Source information
[Start of Attachment]
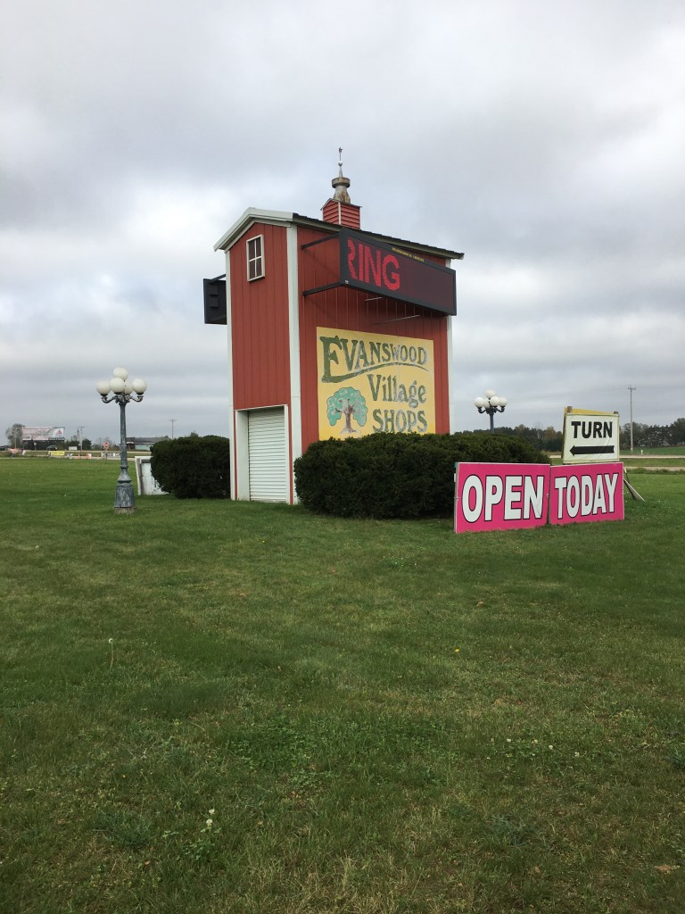 Evanswood is located on Wisconsin Highway 10, somewhere in between Waupaca and Appleton. If you’re traveling that highway, don’t bother to google it. Big yellow billboards, and I’m talking the size of barns, are clustered all around this curious collection of shops. These stores are fun, if not a bit odd, and totally crammed with a crazy array of merchandise.
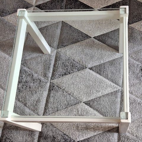 Sohvapöytä, jossa suorakulmainen lasikansi ja puunvärinen runko. Pöydässä on alataso esimerkiksi lehtien tai muiden pientavaroiden säilytykseen. Sopii olohuoneen sohvapöydäksi tai pientavarapöydäksi.
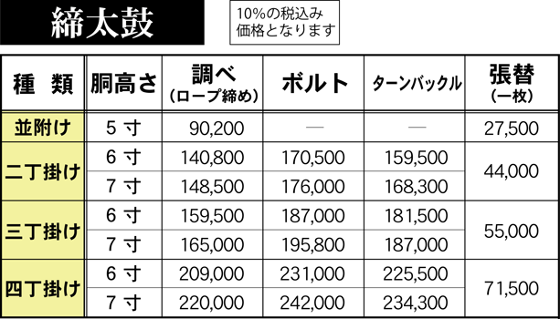 また、締太鼓だけを何台も並べ、音の高低を付けてメロデイーのように演奏することも出来ます。
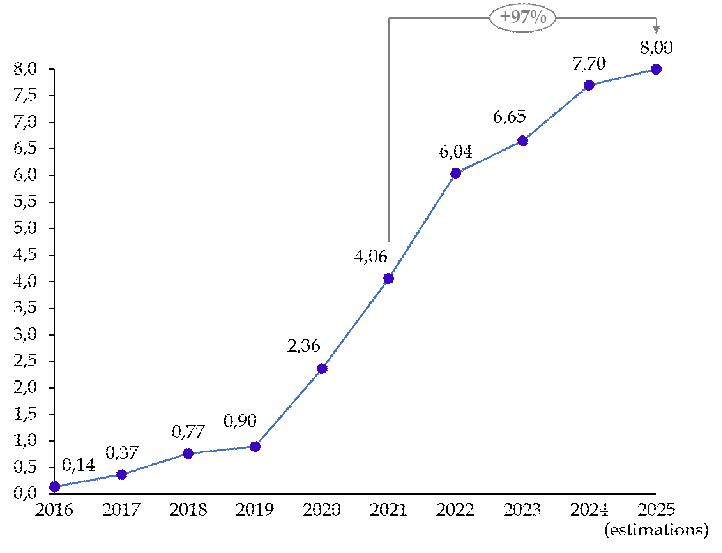 Les dépenses liées aux frais irrépétibles, qui constituent des dépenses de guichet pour l'OFPRA, ont été multipliées par sept depuis 2019, passant de 0,9 million d'euros en 2019 à 7,7 millions d'euros en 2024. Sur la seule période 2021-2025, ces dépenses de guichet ont augmenté de près de 100 %, passant de 4 à 8 millions d'euros.
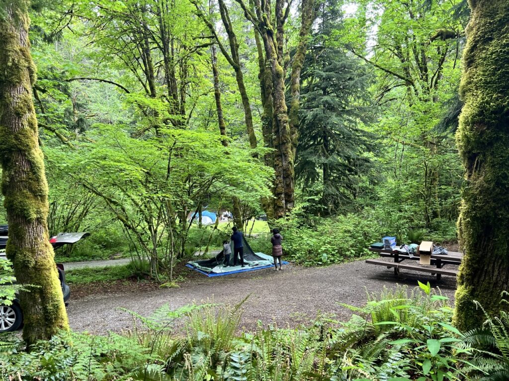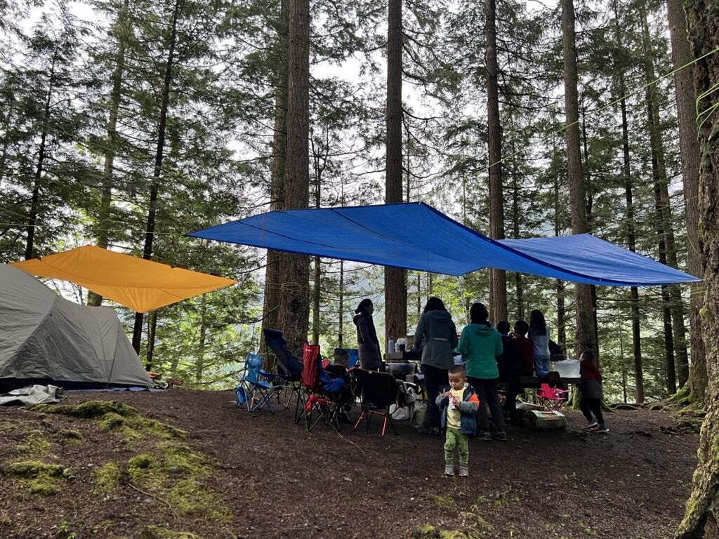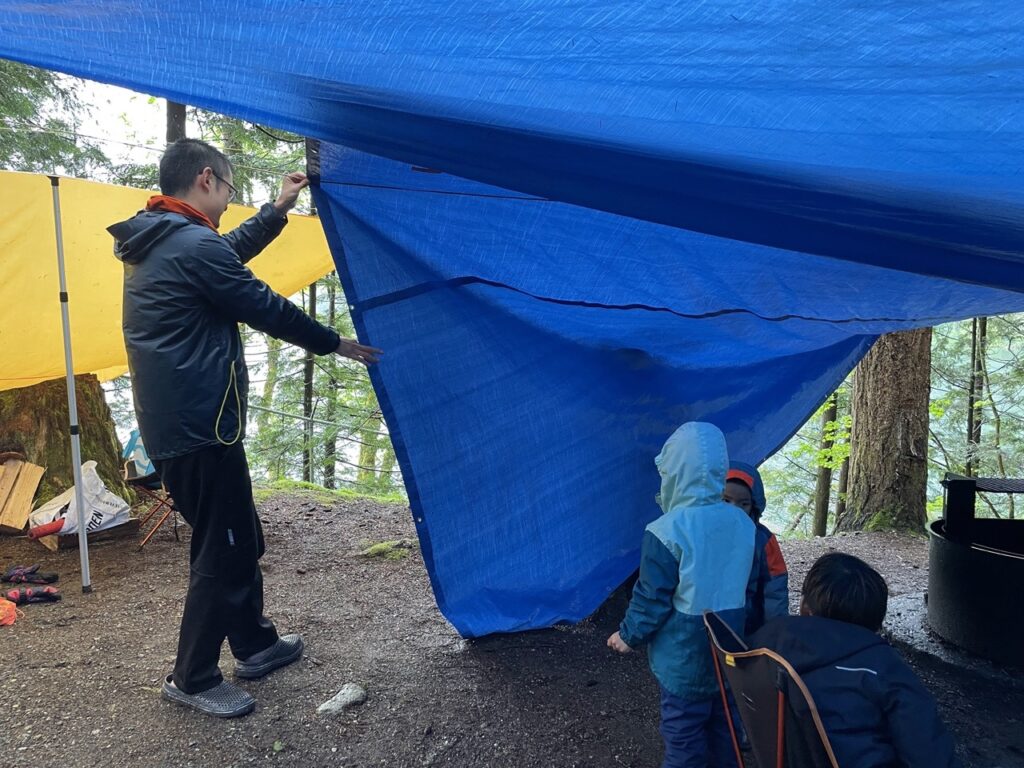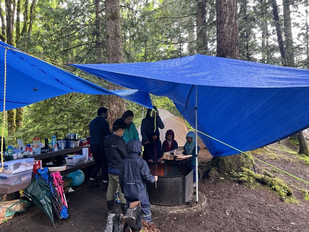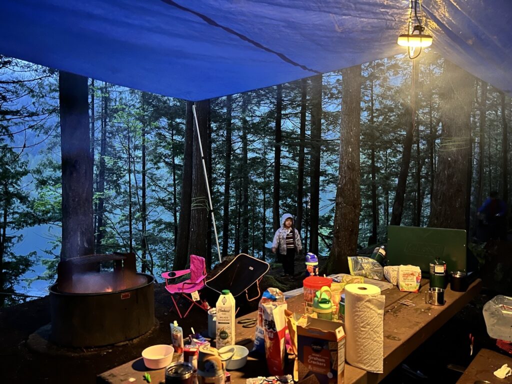 In preparation for rain, our first order of business was to put up our large rain tarp to cover our main activity area. With ample trees to choose from, it wasn’t hard to pick the perfect anchors to cover the entire picnic table and the surrounding few feet of space.
[End of Attachment]
Aim of the task
Word for word, restate the lines above from the first through the one that contains "また、締太鼓だけを何台も並べ", and exclude all pictures.

Solution to this task
 Evanswood is located on Wisconsin Highway 10, somewhere in between Waupaca and Appleton. If you’re traveling that highway, don’t bother to google it. Big yellow billboards, and I’m talking the size of barns, are clustered all around this curious collection of shops. These stores are fun, if not a bit odd, and totally crammed with a crazy array of merchandise.
 Sohvapöytä, jossa suorakulmainen lasikansi ja puunvärinen runko. Pöydässä on alataso esimerkiksi lehtien tai muiden pientavaroiden säilytykseen. Sopii olohuoneen sohvapöydäksi tai pientavarapöydäksi.
 また、締太鼓だけを何台も並べ、音の高低を付けてメロデイーのように演奏することも出来ます。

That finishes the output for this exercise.